Horizontal transfer and evolvability
If “all else fails” then the cell, CPS, or human must adapt/evolve in more dramatic ways. Humans use what might be called “horizontal meme transfer” as their primary strategy for acquiring new skills or knowledge. It is in principle possible to generate new skills (and genes and software) ab initio by mutating and selecting existing ones, but as in the tennis example this is usually hopeless slow and ineffective compared to acquiring them from others. Current CPS systems lack the adaptive capacity of bacteria or humans, but most computer users exploit horizontal app transfer (HAP) rather than write new code when they need some new software capability.
For bacteria, the most dramatic evolution involves horizontal gene transfer (HGT) whereby a cell acquires new genes from other organisms, via a variety of intermediate mechanisms. The consequences can be astonishing. Suppose that in some bacterial species X where N strains have been sequenced, there are be roughly Y genes in each cell, Z total genes in the “pangenome,” and W in common across all N strains. It looks like typically W << Y << Z and this gets more exaggerated as N increases. For X= E. Coli and N»20, it is 1K << 4K << 20K which until recently would have seemed utterly preposterous. Now some claim the upper bound on Z is essentially infinite. Bacteria can also use point mutations and natural selection, but this is ponderously slow in comparison to HGT, though they have myriad clever schemes to speed up and focus mutations. This has all been a surprisingly controversial subject but massive sequencing efforts have been generating overwhelming evidence and main controversies and confusion regarding HGT have receded somewhat, though the broader implications, particularly beyond bacteria, are largely unresolved.
A shared OS and architecture is essential to implement any kind of horizontal transfer. An HGTed gene needs not only shared codon usage but also the entire OS and additional protocols such as ATP for energy, NADH for redox, etc (which we skipped over above). That bacteria have a single universal core in their OS (the details of which we have only skimmed over here, but are the standard material in biochemistry texts) make HGT universally accessible.

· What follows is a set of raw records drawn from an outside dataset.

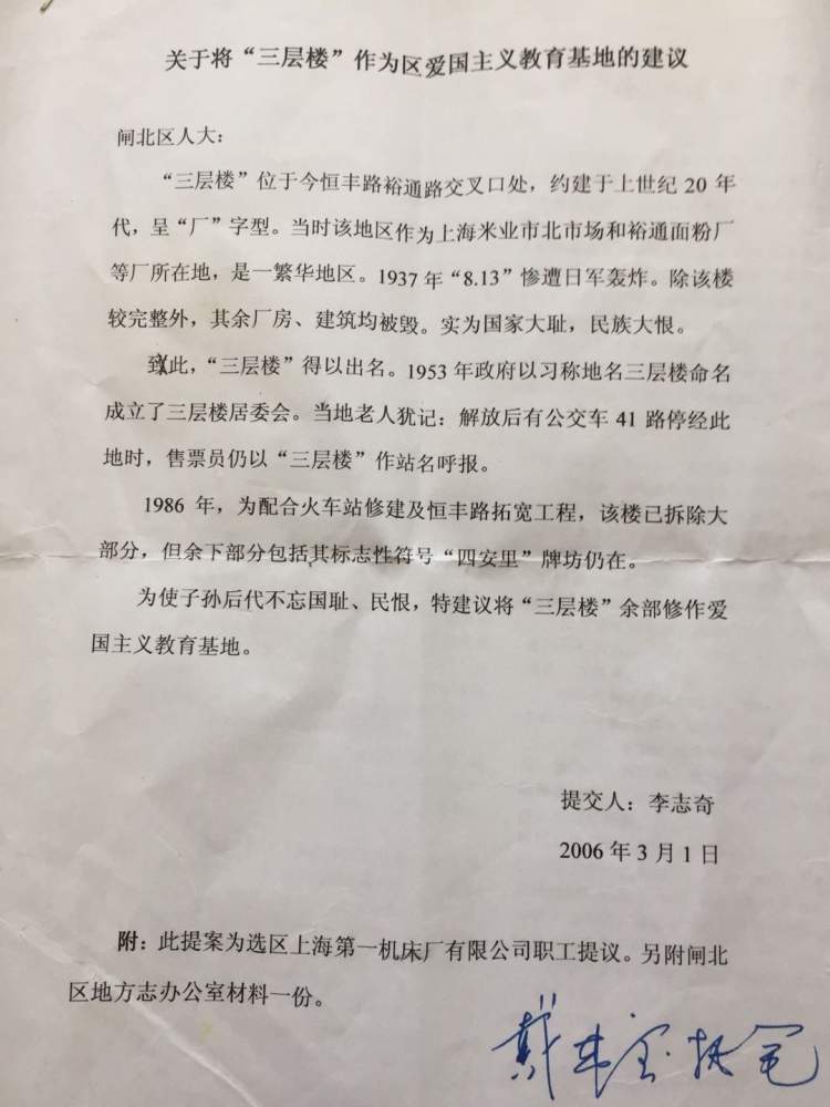 我建言保留三层楼的事,是在2006年。我当时是上海第一机床厂办公室的一名干事。在2006年大约年初时,一次工作会议后,我被时任厂党委副书记李志奇单独留下,他是原闸北区人大代表,他问我有什么提案能给他送上。
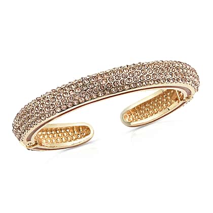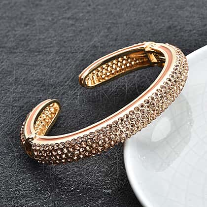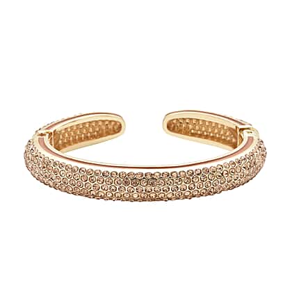 Champagne Austrian Crystal Cuff Bangle (Size 7) Enamelled in Yellow Gold Tone
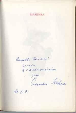 ヤロスラフ・サイフェルトの詩集、「マミンカ」にトゥルンカがイラストを担当した絵本。トビラページにサイフェルトのサインが書かれています。サイフェルトは1984年にノーベル文学賞を受賞している国民的な詩人です。日本語にも翻訳され出版されています。状態良好。
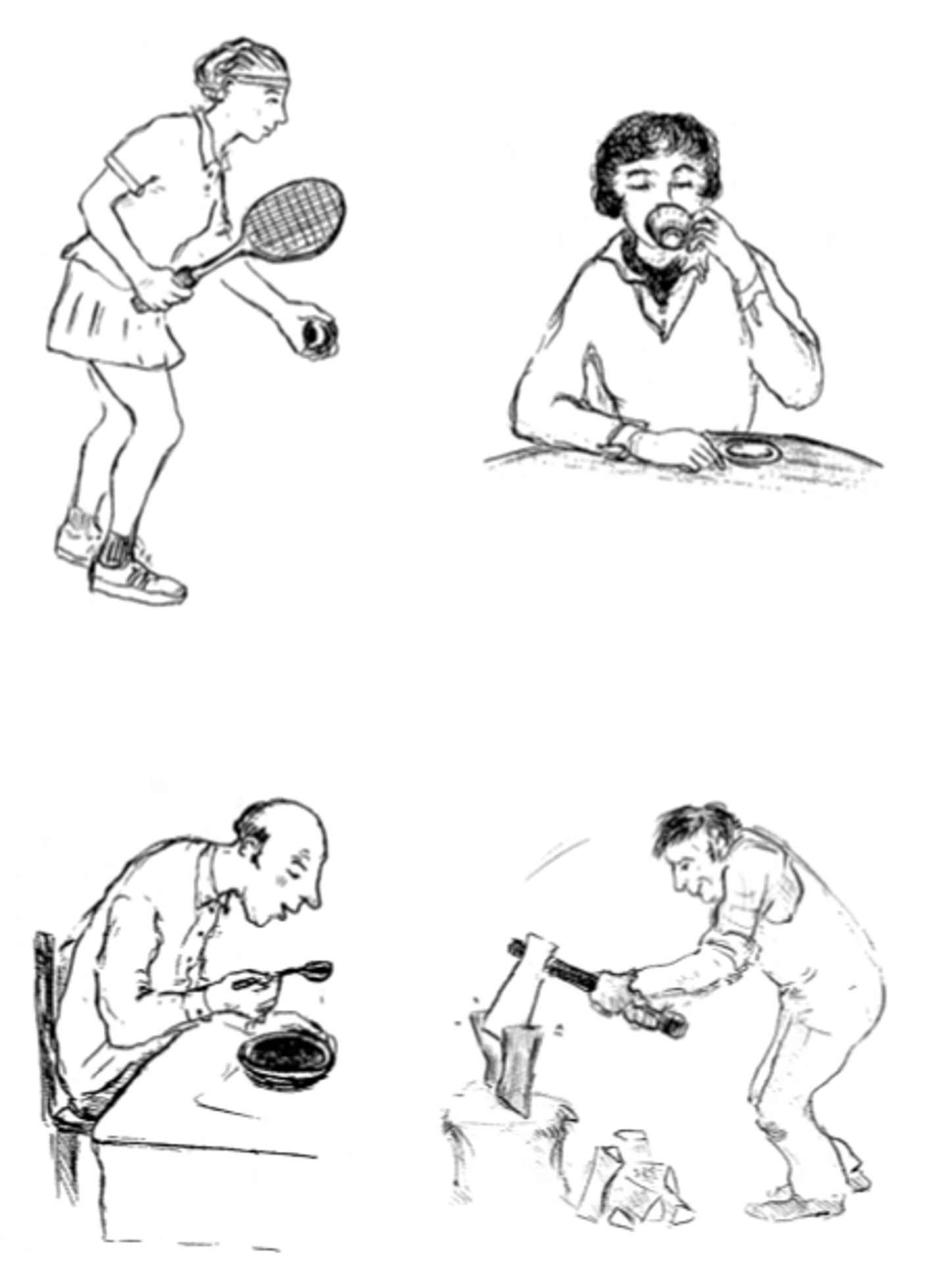 - Alle øvelser lægger op til, at den afasiramte handler aktivt og arbejder kommunikativt

Apps need shared OSes to transfer, and the (limited but nontrivial) diversity in OSes makes HAT somewhat less universal than HGT. Humans need shared language and tools and backgrounds to transfer skills and knowledge. This essay is utterly incomprehensible to most readers, and would remain so even if the exposition were upgraded from horrible to fantastic (something I’m eager to get help on), because it relies on an enormous amount of rare but shared memes. Yet to some, all of this is trivial and obvious. (We’ll hopefully get to the nontrivial at some point.)

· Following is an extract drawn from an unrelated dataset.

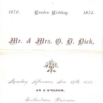 Wedding invite that reads "1870. Wooden Wedding. 1875. Mr. & Mrs. O.D. Dick, Monday Afternoon, Nov 29th, 1875 at 2 o'clock, Brothertown, Wisconsin". The invite is a folded piece of cardstock paper but only has content on the front.
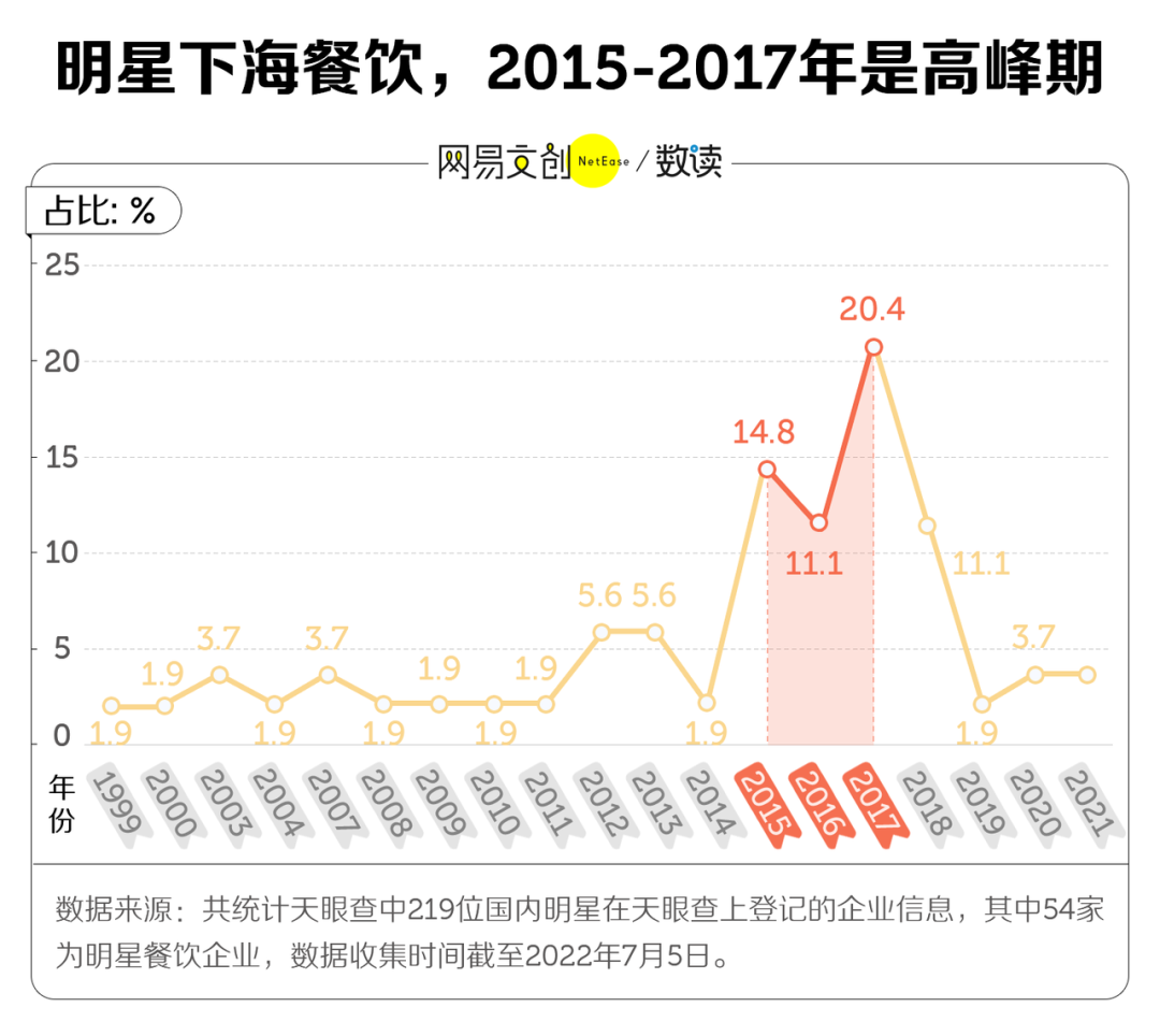 到了 2015-2017 年,明星餐饮公司成立数量激增。

We could plausibly call the genes, memes, and apps that are capable of horizontal transfer informally by any one of them, and each offers a nuance of meaning. Memes is already a take-off on genes, but I like “apps” for this audience because it is the most familiar and well understood. It also invokes the sense of dynamic functionality that can be acquired from others, whereas gene can seem (misleadingly to me) to be a more static concept, because control is as important as coding regions.